Deep Q-Network for Stock Trading (Part I): Problem Statement & RL Motivation

January 01, 2026 8 minute read

This post is part of a series on building a Deep Q-Network (DQN) based trading system for SPY (S&P 500 ETF).

Next Post → Part II: Data Engineering Pipeline

⚠️ Disclaimer

This blog series is for educational and research purposes only. The content should not be considered financial advice, investment advice, or trading advice. Trading stocks and financial instruments involves substantial risk of loss and is not suitable for every investor. Past performance does not guarantee future results. Always consult with a qualified financial advisor before making investment decisions.

Introduction

After completing the AI Trading Strategies Nanodegree Reinforcement Learning course, I wanted to apply reinforcement learning (RL) to a real-world trading problem. While many algorithmic trading approaches rely on supervised learning to predict price direction, I was intrigued by the potential of RL to learn trading policies directly—deciding when to buy, sell, or hold based on maximizing long-term profitability.

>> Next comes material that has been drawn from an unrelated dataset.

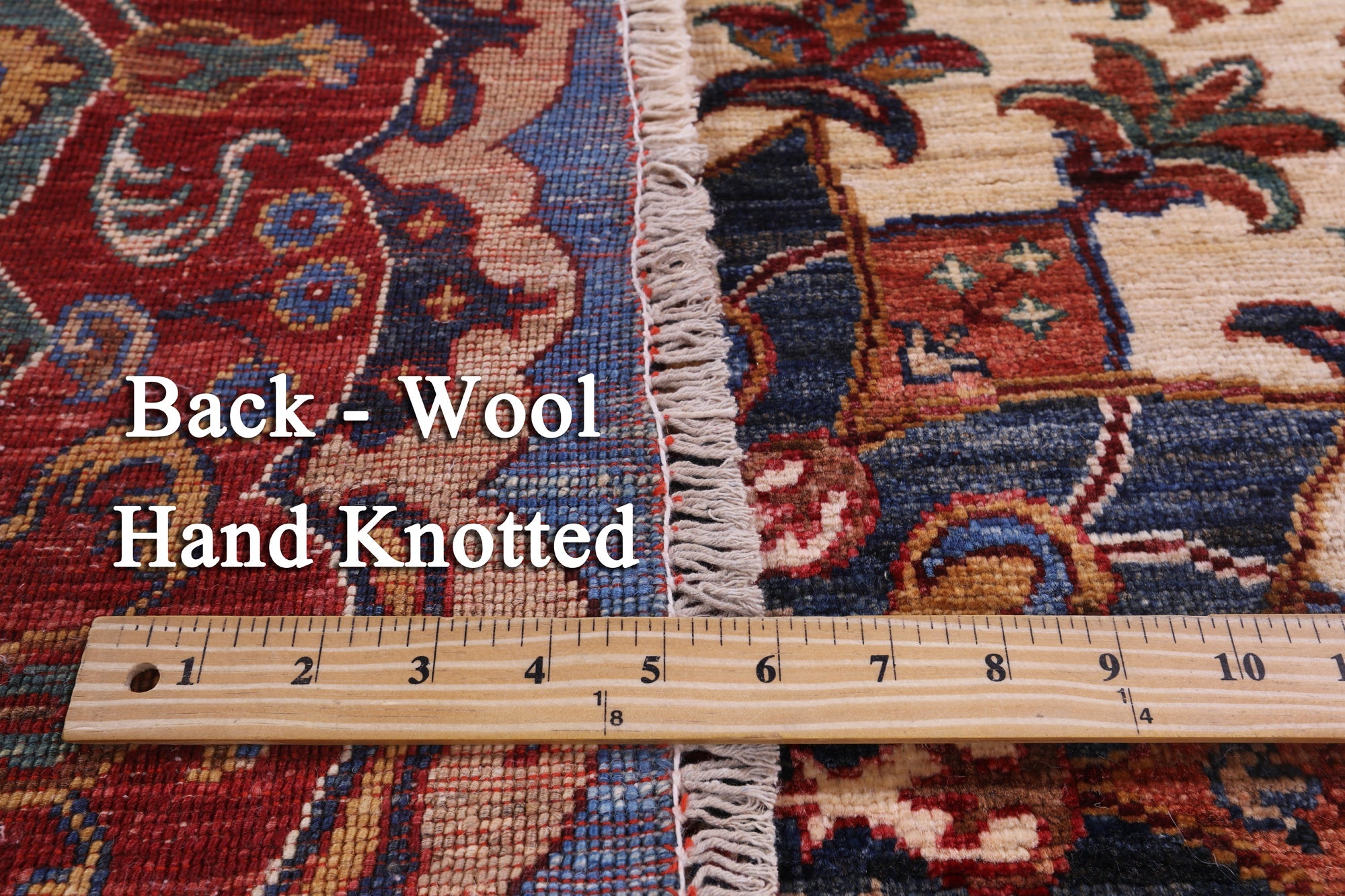 This is a genuine hand knotted cut pile rug, not tufted, hooked, or machine made. All we do is hand knotted.

This blog series documents my journey building a Deep Q-Network (DQN) trading system for SPY, the most liquid ETF tracking the S&P 500 index. The goal is not just to build a profitable model, but to create a production-ready system with proper data engineering, backtesting, and risk management.

The complete code for this project is available on GitHub.

Problem Statement

The Trading Challenge

Objective: Build an intelligent agent that learns to trade SPY shares to maximize total returns while managing risk.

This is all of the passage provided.